In the culture of Christianity is the exhortation to make disciples. In one of his last post-resurrection appearances to his disciples, Jesus said, “All authority in heaven and on earth has been given to me. 19Go therefore and make disciples of all nations, baptizing them in the name of the Father and of the Son and of the Holy Spirit, 20and teaching them to obey everything that I have commanded you” (NRSV, Matthew 28:18b-20a). It is an incomplete gospel that proclaims only justification by faith without also teaching discipleship.
Is not faith that fetches followers demonstrated in Followers’ of the Way acts of mercy? The Reforming Church affirms that the mercy of Jesus Christ demonstrated by his followers in their selfless acts of service, is salvific in and of itself.
When I was a boy I’d watch episodes of the Lone Ranger on the television. Maybe not every episode, but enough that I got it, as the Lone Ranger, his service complete, rides off into the plains, someone invariably asked, “Who was that masked man?” The service of the Follower of the Way of Jesus invariably proclaims the promised salvation, by the mercy of Jesus Christ Those who are served ask the same question – who was that man? It is the Jesus Christ whose mercy is proclaimed in their thousands of acts of service that step over every boundary imaginable, allowing those served unequaled access to the hope of salvation.
The 1941 novel, Keys of the Kingdom, by A. J. Cronin was subsequently produced on the big screen in 1944 starring Gregory Peck as the humble, if not controversial priest, Father Francis Chisholm. Eventually, in his long career of service to the Church, Chisholm is sent to Pan-tai, China. The setting is the blinding poverty of the Chinese, suffering the constant threat of civil war between two warlords and the Imperial government. In his years of service in Pan-tai, if the number of people affirming faith in Jesus Christ was the measure of Father Chisholm’s success, the evangelist’s mission was a failure. His funders’, exasperated with his failure, called the old priest home.
Years before, the warlord, Chia, his son became quite ill – ill unto death, it seemed certain. Chia had called on traditional medicine and shamans to work their magic to restore his son to health. As a last ditch effort, Chia called on Father Chisholm to do what he could. With little more than practicing hygiene, for he was not a medical doctor, Chisholm was able to restore Chia’s son to full life.
As an act of thanksgiving and unwilling to be indebted to the kindly priest, Chia was ready to become a Christian. Chisholm described what it meant to be a Christian, but sadly the War Lord went away feeling rebuffed– but not without donating a considerable piece of property to the mission.

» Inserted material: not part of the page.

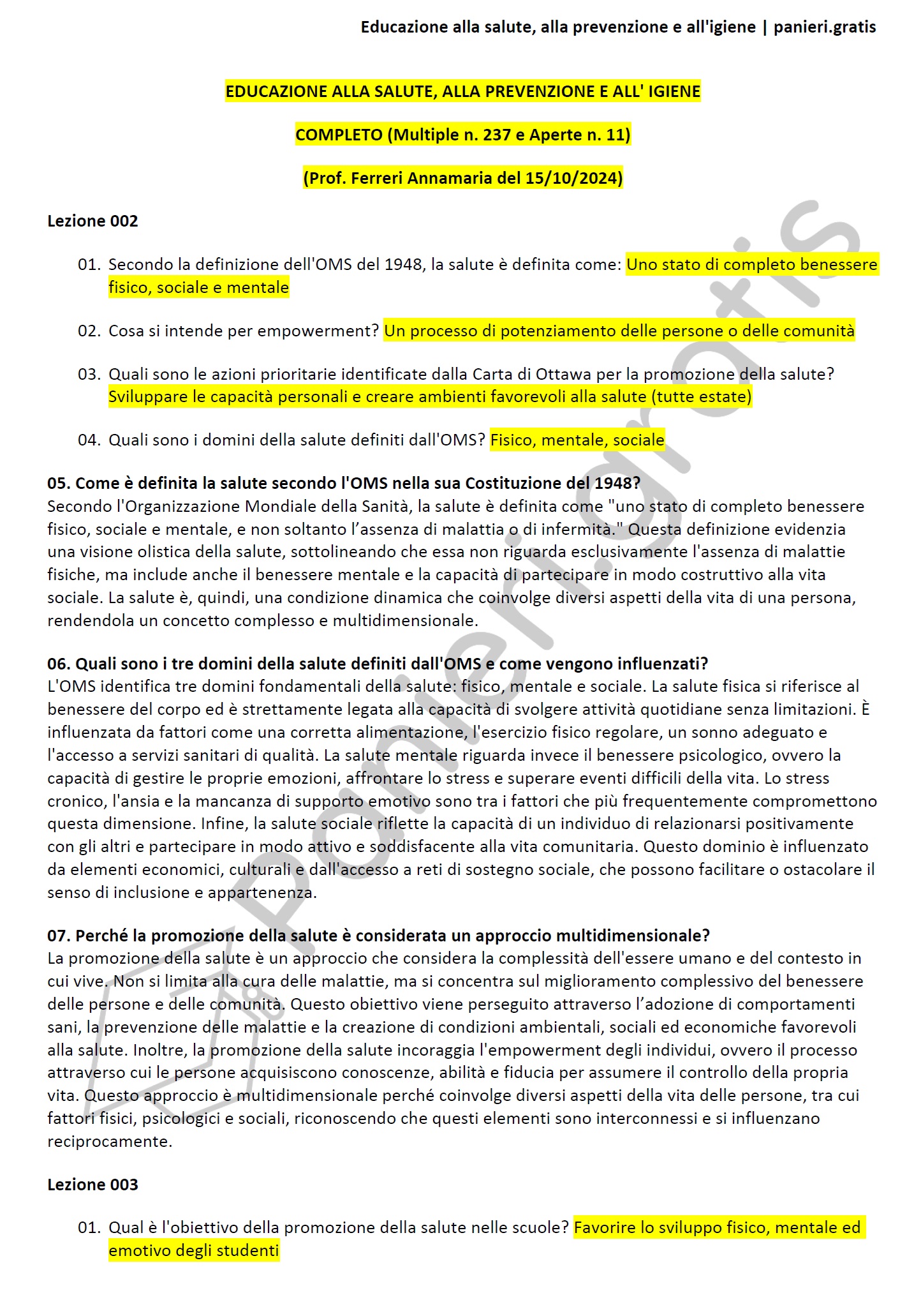 Paniere di Educazione alla salute, alla prevenzione e all'igiene - Completo (Aperte e Multiple), in ordine di lezione per il CdS in Scienze dell'educazione e della formazione, Prof. Ferreri Annamaria del 15/10/2024 - eCampusInformazioni Aggiuntive

Years later, as he was boarding to leave China, the warlord, Chia, came to Father Chisholm again. It seems, after years of observing the faithful service of the Christian priest, Chia had become a believer. Again, Chia, declared he was ready to become a Christian. As before, Chisholm was unwilling to accept Chia’s offer until the warlord said, and I am paraphrasing, “If you are an example of who Jesus is, I will follow him.”
I have to laugh at myself, as I thought to look up Chia’s exact quote, I couldn’t find it. It has been years since I read this little book so it may be I made this episode up – but if it didn’t happen this way, it should have. It does make a great story. In any case, my point is this. Our lives lived in service to Jesus Christ is our best witness to the hope of Salvation. And perhaps the hope of salvation is following the way of Jesus.
I have been often confronted by Followers of the Way who would say, I don’t know how to talk to people about my faith. In the Reforming Church, the plan of salvation has less to do about telling than living. The most compelling witness of the Followers of the Way of Jesus Christ is their lives lived in faithful service.